Canadian companies have long complained that the industry suffers major lost revenue because their oil, Western Canadian Select, is at times sold at a discount of up to $40 per barrel to Western Texas Intermediate crude.
More recently Canadian heavy crude has been trading at a discount of $15 a barrel.
The industry hopes new projects giving them expanded access to U.S. and Asian markets, such as TransCanada Corp’s (TRP.TO) Keystone XL pipeline and Enbridge Inc’s (ENB.TO) Northern Gateway project, would reduce this gap.
Tim McMillan, president of the Canadian Association of Petroleum Producers, said the discount on Canadian crude takes an especially heavy toll with oil prices down by more than 50 percent since June 2014 to around $45 per barrel.

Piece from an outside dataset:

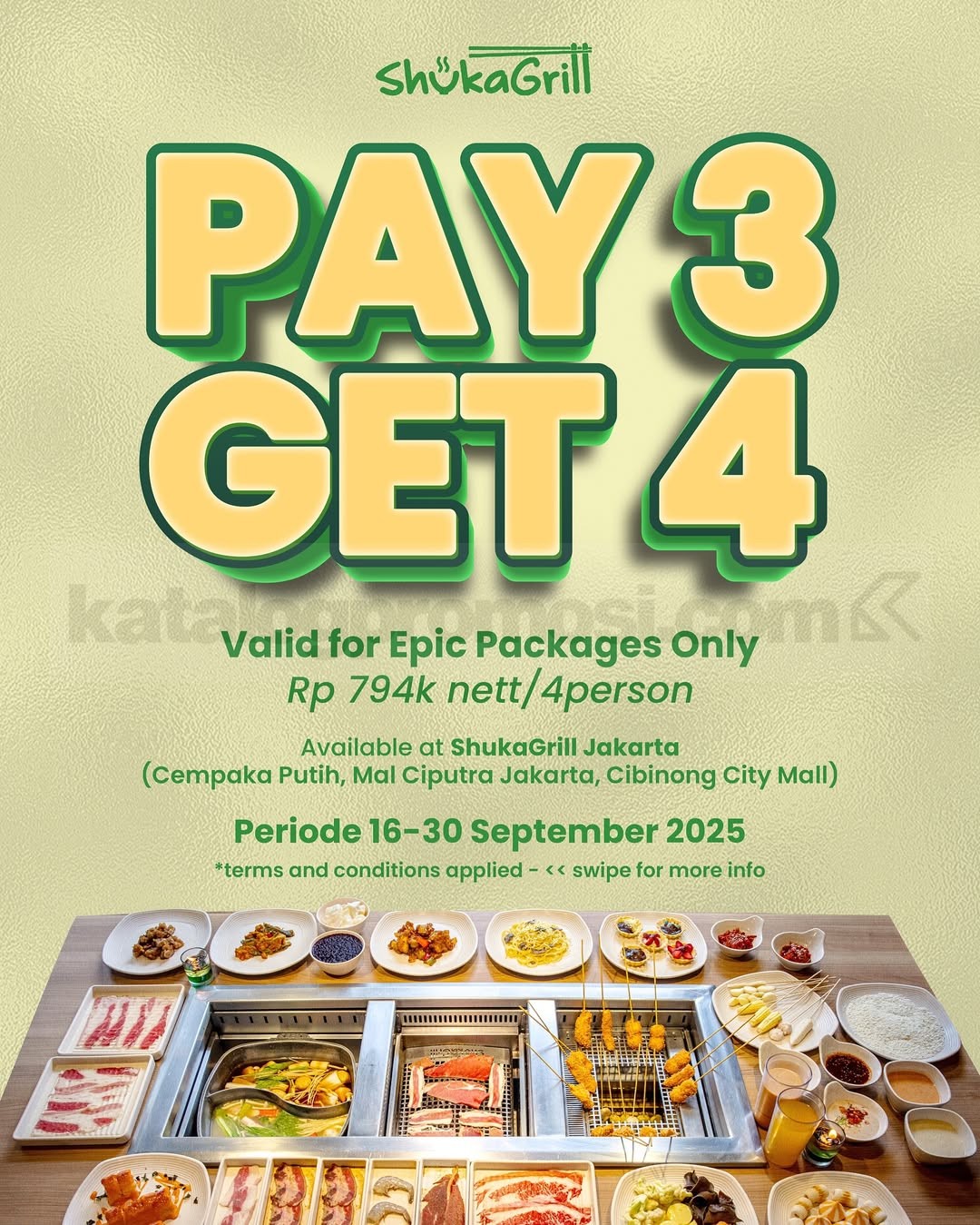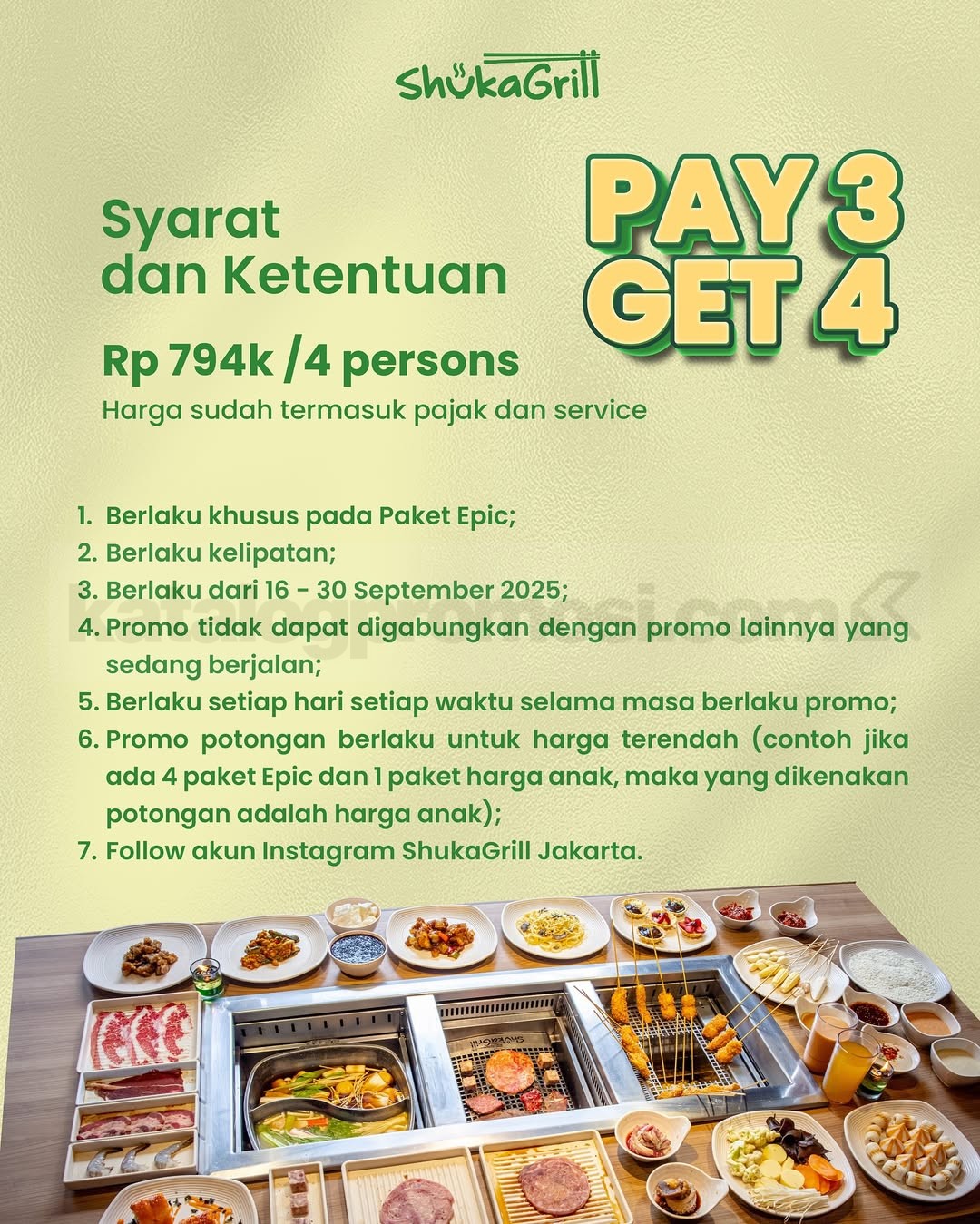 Promo SHUKAGRILL Jakarta Pay 3 Get 4 khusus Paket Epic berlaku 16 β 30 September 2025 di Cempaka Putih, Mal Ciputra Jakarta, dan Cibinong City Mall.

“At $100 a barrel it was a big concern. At $45 a barrel, that is a far larger percentage (of revenue) and is likely the difference between profitable and unprofitable on many of the assets,” McMillan said in an interview.

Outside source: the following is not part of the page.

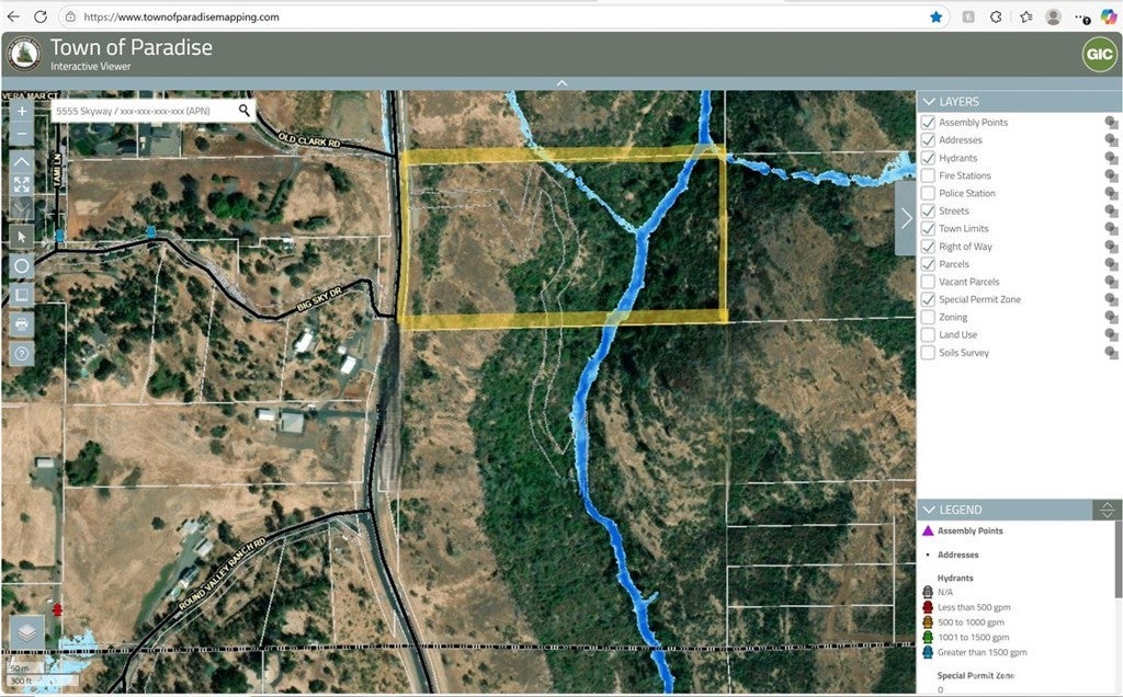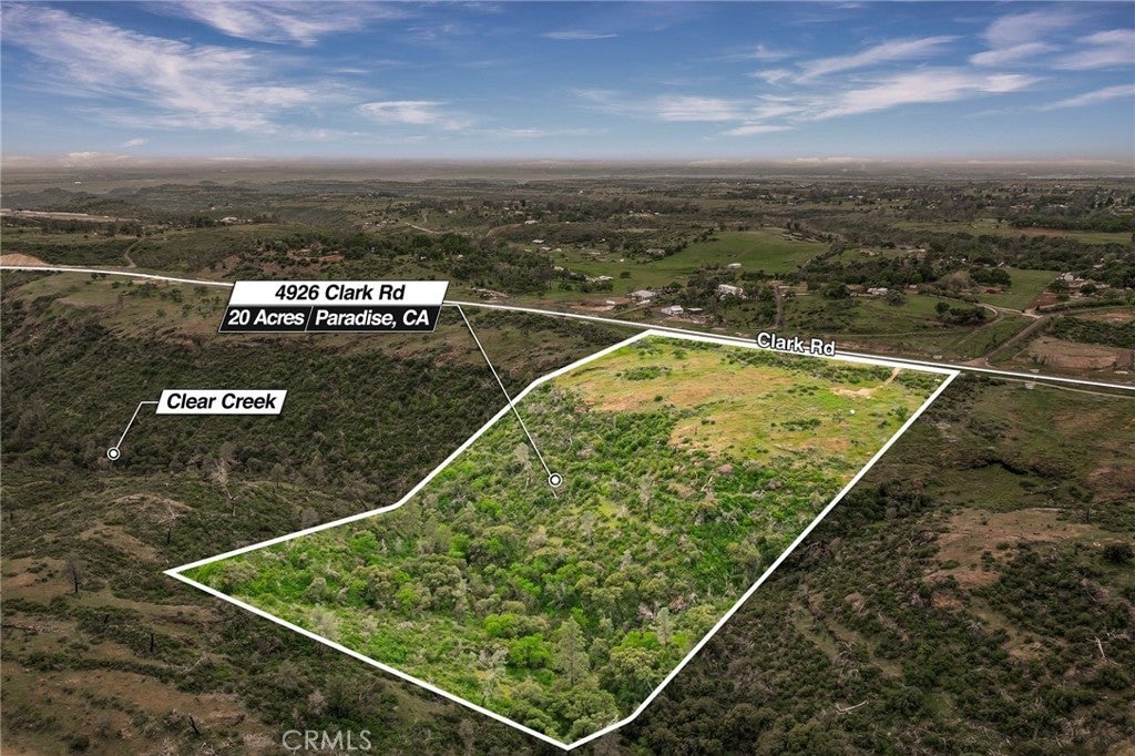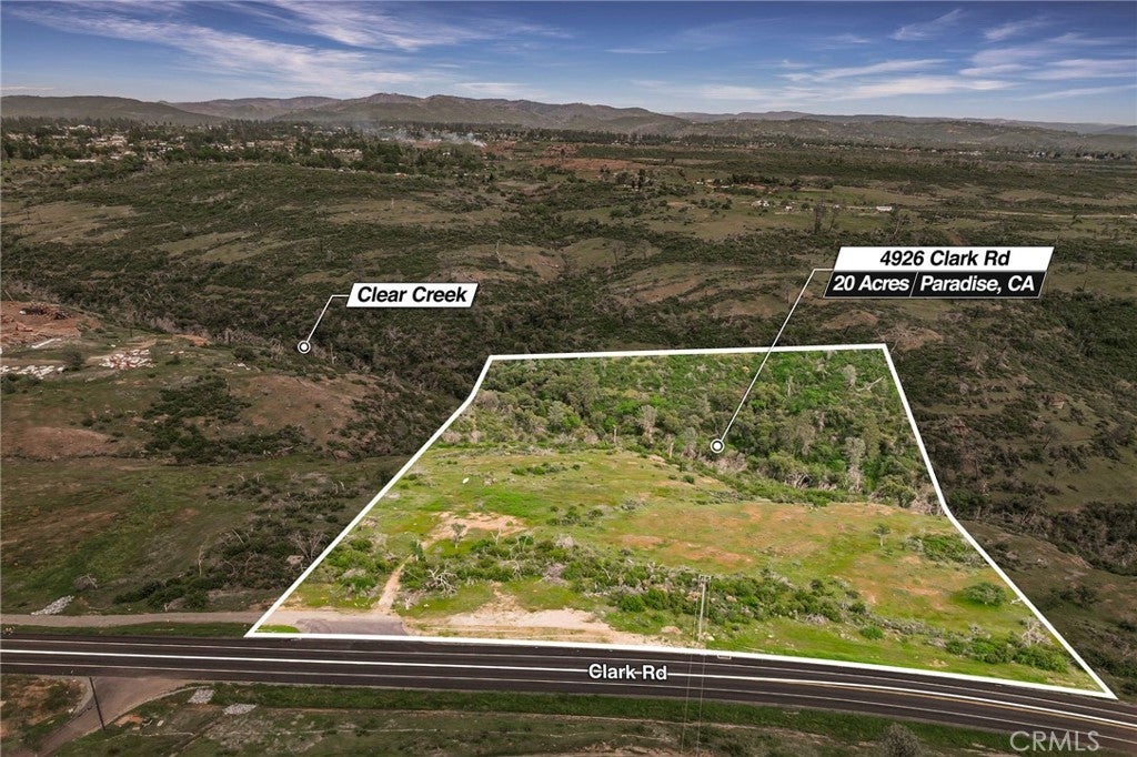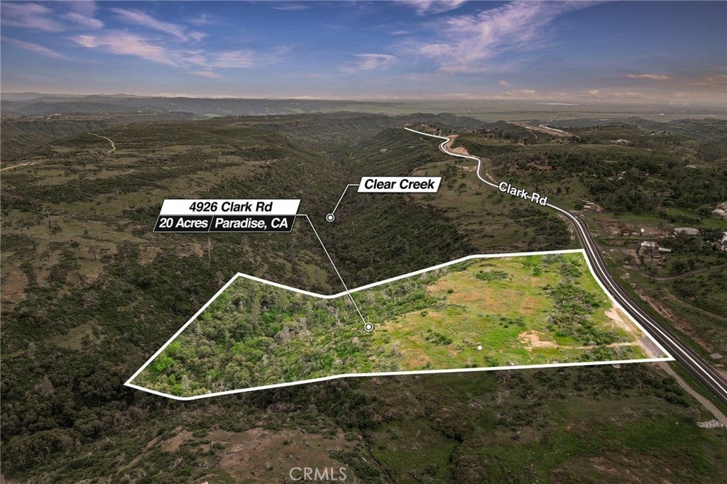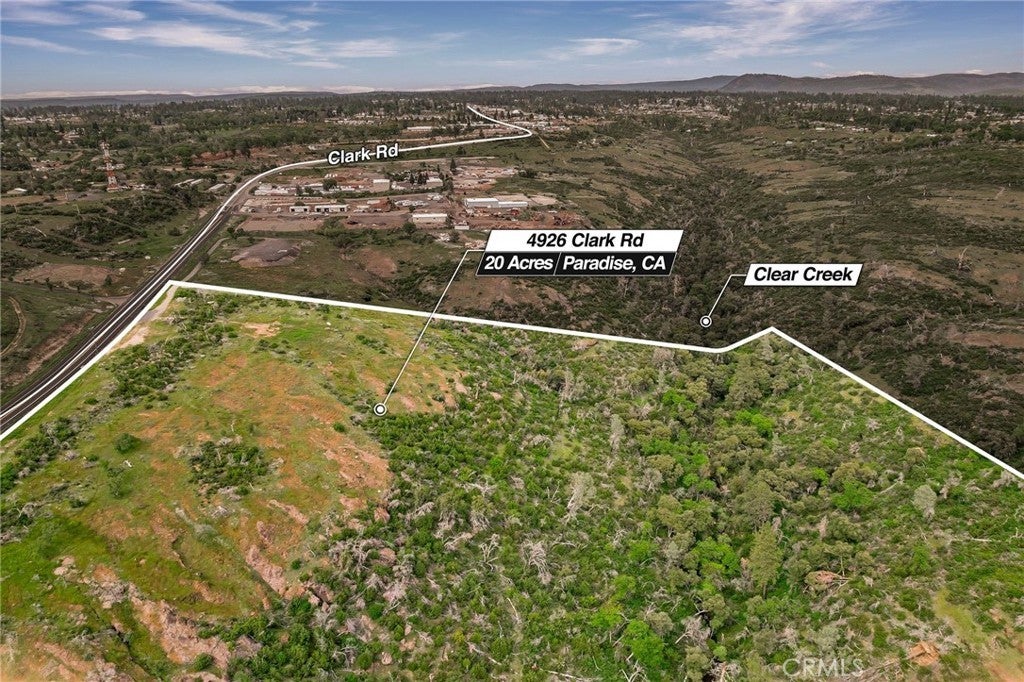 Prime 20-Acre Parcel on Clark Road – Dual Zoning, Canyon Views, and Two Creeks! Discover a rare opportunity to own 20 acres of versatile land located along Clark Road (Highway 191) at the southern edge of Paradise. This exceptional property offers the perfect blend of natural beauty, accessibility, and development potential. With dual zoning—Industrial Services frontage along Clark Road and Agricultural Residential (3-acre minimum) across the remaining acreage—this parcel is ideally suited for a combined home and business site. Previously had a home & septic on site, plus all utilities available at property frontage. Dramatically beautiful terrain transitions into mature vegetation, offering a picturesque setting for a custom estate, agricultural venture, or private retreat. Two creeks & a seasonal waterfall wind through the property, adding to the serene atmosphere and enhancing its natural charm. Panoramic views of the Clear Creek Canyon provide a stunning backdrop, with great southern exposure ideal for solar potential or gardening. Despite its peaceful, private feel, the property is just minutes from downtown Paradise, grocery stores, shopping centers, schools, and key commuter routes including Highway 70. It's also conveniently located near Lake Oroville's north marina and Butte College. Whether you're seeking a unique live-work opportunity, a development project, or simply a slice of tranquil wilderness close to town, this parcel offers incredible value and vision. Don’t miss this rare chance to own a truly special piece of land with a strategic location, natural splendor, and endless potential.

Environmentalists are pressuring U.S. and Canadian politicians to reject all new pipelines, in hope of stopping the expansion of northern Alberta’s oil sands. Oil sands require the consumption of vast amounts of water and fossil fuels to extract bitumen.
In an example of how lack of market access can hurt a company, junior oil sands producer Connacher Oil and Gas’s CLC.TO transport and handling costs were almost equal to its production and operating costs in the first half of 2015.
The company, which rails just over half its heavy crude to locations outside of Alberta, spent C$15.72 ($11.88) a barrel on transportation and C$16.16 per barrel on production and operating expenses.
That left it with a netback of C$0.50 on every barrel of oil sands bitumen produced.
Companies with committed capacity on export pipelines can reach the U.S. Gulf Coast for as little as $7 a barrel.